Summary: Cached dir fd_ts are a leakin'
Product: [Community] GlusterFS Reporter: Shehjar Tikoo <shehjart>
Component: nfsAssignee: Shehjar Tikoo <shehjart>
Status: CLOSED CURRENTRELEASE QA Contact:
Severity: high Docs Contact:
Priority: low    
Version: 3.1-alphaCC: amarts, gluster-bugs, krishna
Target Milestone: ---   
Target Release: ---   
Hardware: All   
OS: Linux   
Whiteboard:
Fixed In Version: Doc Type: Bug Fix
Doc Text:
Story Points: ---
Clone Of: Environment:
Last Closed: Type: ---
Regression: RTP Mount Type: nfs
Documentation: --- CRM:
Verified Versions: Category: ---
oVirt Team: --- RHEL 7.3 requirements from Atomic Host:

Description Shehjar Tikoo 2010-08-19 03:09:49 EDT
Problem description from Krishna:
if direntries are more than 9-10
entries the NFS server does not close the dir fd_t.
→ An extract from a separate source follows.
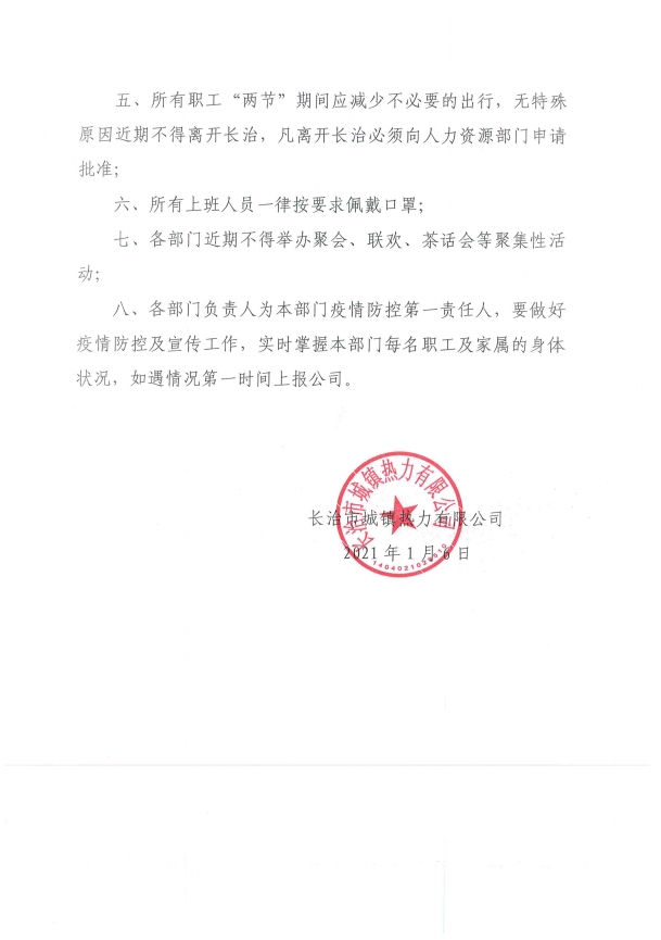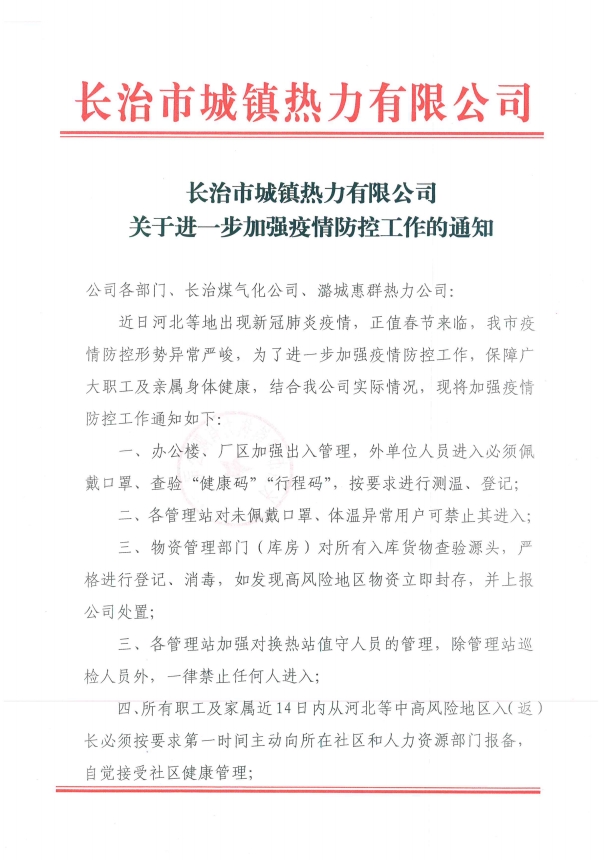 長治市城鎮(zhèn)熱力有限公司關(guān)于進一步加強疫情防控工作的通知

Because of this
backend FS can not be unmounted (as it gives EBUSY). 


Confirmed through log, which shows successive NFSv3 READDIR calls resulting in increasing references on the directory fd:

shehjart@indus:~$ grep "call_state_wipe.*fd ref" /tmp/dirfd2.log 
[2010-08-19 12:22:59.590367] T [nfs3.c:202:nfs3_call_state_wipe] nfs-nfsv3: fd ref: 3
[2010-08-19 12:22:59.591897] T [nfs3.c:202:nfs3_call_state_wipe] nfs-nfsv3: fd ref: 3
[2010-08-19 12:22:59.593443] T [nfs3.c:202:nfs3_call_state_wipe] nfs-nfsv3: fd ref: 4
[2010-08-19 12:22:59.594955] T [nfs3.c:202:nfs3_call_state_wipe] nfs-nfsv3: fd ref: 5
[2010-08-19 12:22:59.596459] T [nfs3.c:202:nfs3_call_state_wipe] nfs-nfsv3: fd ref: 6
[2010-08-19 12:22:59.597946] T [nfs3.c:202:nfs3_call_state_wipe] nfs-nfsv3: fd ref: 7
[2010-08-19 12:22:59.599418] T [nfs3.c:202:nfs3_call_state_wipe] nfs-nfsv3: fd ref: 8
[2010-08-19 12:22:59.600871] T [nfs3.c:202:nfs3_call_state_wipe] nfs-nfsv3: fd ref: 9
[2010-08-19 12:22:59.602312] T [nfs3.c:202:nfs3_call_state_wipe] nfs-nfsv3: fd ref: 10
[2010-08-19 12:22:59.603772] T [nfs3.c:202:nfs3_call_state_wipe] nfs-nfsv3: fd ref: 11
[2010-08-19 12:22:59.604958] T [nfs3.c:202:nfs3_call_state_wipe] nfs-nfsv3: fd ref: 11


These are refcounts on the fd just before they are unref as part of the operation to free up the per-NFS op state.
Comment 1 Anand Avati 2010-08-19 03:46:44 EDT
PATCH: http://patches.gluster.com/patch/4204 in master (protocol/client: fix ESTALE in statfs on root inode)
Comment 2 Amar Tumballi 2010-08-19 04:12:24 EDT
(In reply to comment #1)
> PATCH: http://patches.gluster.com/patch/4204 in master (protocol/client: fix
> ESTALE in statfs on root inode)

Sorry about the confusion.. this patch should have been for bug 763130.. This bug is not yet fixed.
Comment 3 Shehjar Tikoo 2010-08-20 06:22:51 EDT
The leaks are also present in hard fh resolution code where directory opens and reading is performed.
Comment 4 Vijay Bellur 2010-08-31 07:44:15 EDT
PATCH: http://patches.gluster.com/patch/4416 in master (nfs3: Dont ref cached fd after fd_lookup)
Comment 5 Vijay Bellur 2010-08-31 07:44:20 EDT
PATCH: http://patches.gluster.com/patch/4417 in master (nfs3: Dont ref dir fd_t used in hard fh resolution)
Comment 6 Vijay Bellur 2010-08-31 07:44:26 EDT
PATCH: http://patches.gluster.com/patch/4418 in master (nfs3: Unref dir fd once usage ends in hard fh resolution)
Comment 7 Shehjar Tikoo 2010-08-31 22:37:05 EDT
Regression Test:

1. Start nfs export as:

posix->proto/server->proto/client->nfs/server

in the same volume file.

2. A the client, mount as:

mount <server>:/posix -o soft,intr,actimeo=3600 /mnt

3. Run the following command:
$ mkdir -p /mnt//2/3/4/5/6/7/8/9/10/11/12/13/14/15/16/17/18/19/

4. Restart the nfs server, without remounting at the client.

5. At the nfs client:
$ touch /mnt//2/3/4/5/6/7/8/9/10/11/12/13/14/15/16/17/18/19

6. Now at the nfs server:
$ kill -USR1 <pif of gnfs>

7. Inspect the glusterfsdump file. Ensure there are no more than one open file descriptors. If there are, there is a regression.